In the past, the High Point facility has run seven days a week, but of late was running six due to the challenge in finding more workers.
“Our backlog is as large as it’s ever been but our production is up 60%, so we are trying to reel it in as fast as we can get people,” Chambers added, further explaining that while the backlog remains high, production is also up substantially so the company is weaving and shipping more finished product. “We have the equipment to eat into the backlog and we have the supply chain to eat into the backlog. It is a matter of getting the people.”
But he said that Richloom’s generous compensation and benefits package has been a major asset in recruitment and retention. Chambers said this goes from providing worker raises to other gestures such as special lunches in recognition of hard work.
“They have done everything I could have asked for my employees, and I consider them my employees because they are near and dear to my heart and they have been here — most of them — a very long time,” Chambers said, noting that Richloom has provided everything from raises to good benefits such as health care and paid time off. “That was one of the big sticking points for me —to take care of my people — and they have done that.”

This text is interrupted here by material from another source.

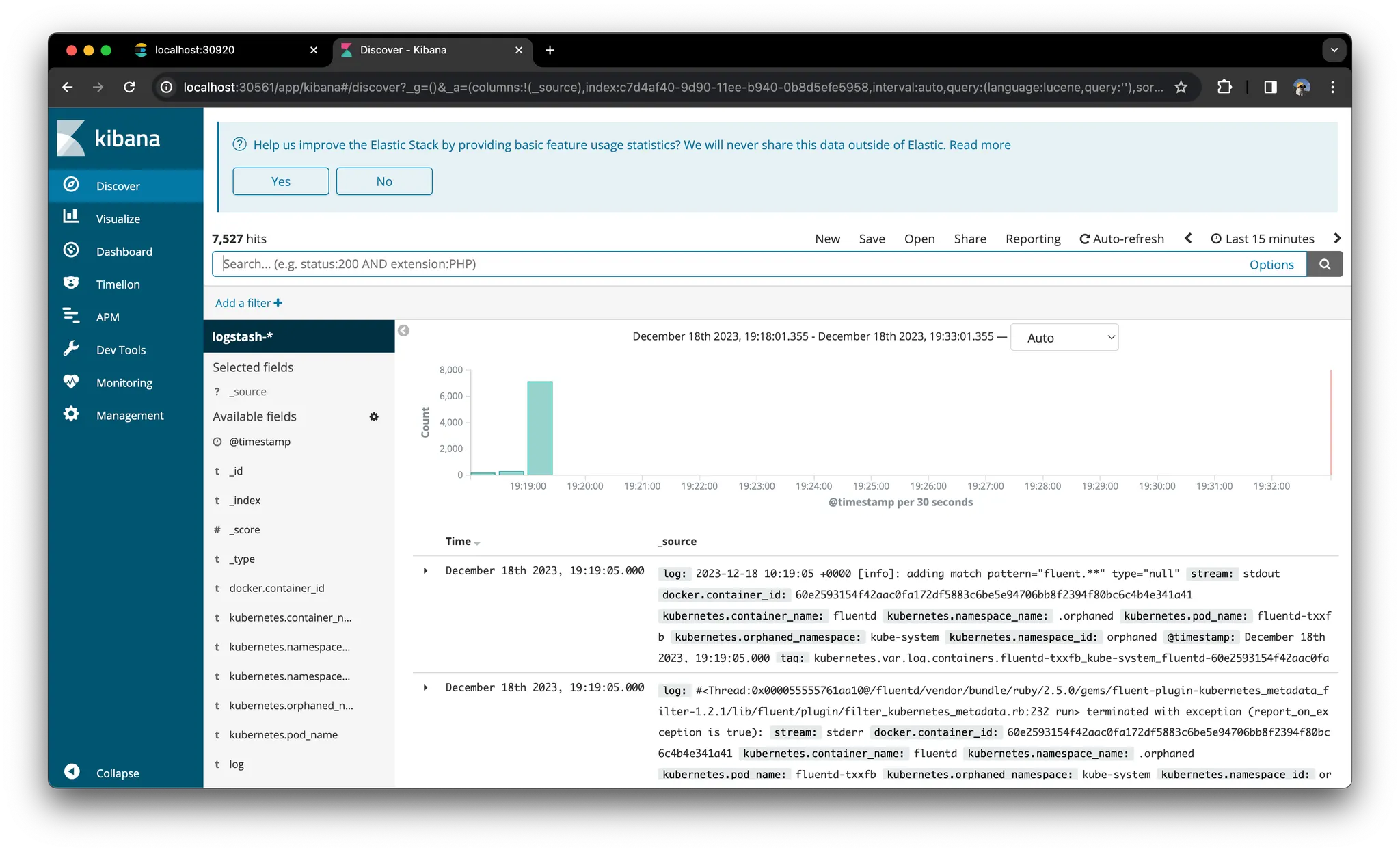 퍼블릭 클라우드 서비스를 사용한다면, 각각에서 제공하는 로그 수집 도구를 사용할 수 있겠지만 그런 서비스를 이용하지 못한다면 오픈 소스 도구로 직접 로그 수집을 해야한다. 여기서는 클러스터 안에 직접 Elasticsearch로 로그 수집 시스템을 구축한 후 로그를 수집 및 확인한다.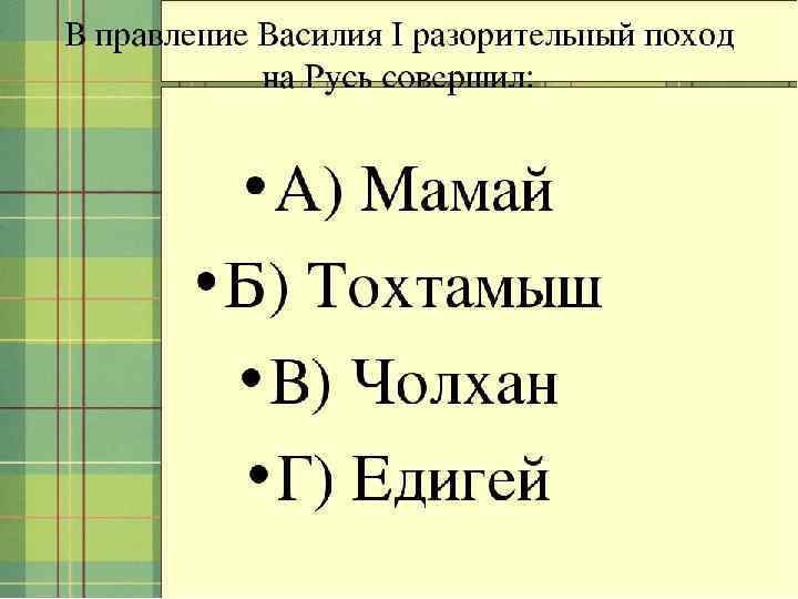 • 1. Крупнейшим городом Волжской Булгарии в золотоордынский период был: 1. Биляр 2. Сувар 3. Ошель 4. Болгар • 2. Из перечисленного ниже результатом распада Золотой Орды не является образование: 1. Сибирского ханства 2. Ногайской Орды 3. Крымского ханства 4. Великой Перми • 3. "Черная палата" в Болгаре выполняла функции: 1. общественной бани 2. судного места булгарского хана 3. культового сооружения 4. караван-сарая • 4. Серьезные междоусобицы в Золотой Орде начались с убийства хана: 1. Узбека 2. Джанибека 3. Бердибека 4. Мамая • 5. Какое высказывание является неверным: 1. города Булгарского улуса имели укрепления в первой половине XIV века 2. Булгарский улус переживал экономический подъем 3. основное население городов Булгарского улуса составляли булгары 4. Булгарский улус снабжал золотоордынское население хлебом

“It has been a win-win for everybody,” Chambers added. “This has been a wonderful marriage…I have done everything I said I would do, and they have done everything they said they would do. They are taking care of the employees and they have taken care of me and we have done everything right together.”
Eventually, Chambers said he would like to see the business back to 135 employees, which it was at its peak employment around 2006. While that will depend on the company’s ability to find good talent, he believes that Richloom’s growth trajectory will help make it possible.
“We would love to be back there and be even bigger,” he said, noting that Richloom already has purchased some new equipment for the facility and has its eye on growth.
He also noted that there is room to grow its manufacturing and distribution footprint on 17 developable acres.
“They want to purchase more equipment, and they want to grow this mill,” he said, noting that this also has been part of his own mindset from early on. “I set this up when I came here and decided what to put where. I set it up from the very beginning for expansion.”
Mitchell, Richloom’s senior vice president, upholstery, said that demand for domestic upholstery has grown since the acquisition and that he expects it to grow over time. Thus, the company plans to continue investing in the operation now and in the future.
“Be it monthly, or annually we are putting up numbers that haven’t been seen in seven-plus years,” he said, adding that Richloom also sees the acquisition as win-win for everyone involved.
“I completely agree with Ray on this,” Mitchell said. “And I want to add that having Ray as part of the team has been crucial to our success. Ray’s knowledge, leadership and intimate understanding of Richloom Weaving helps in ways that isn’t quantifiable.”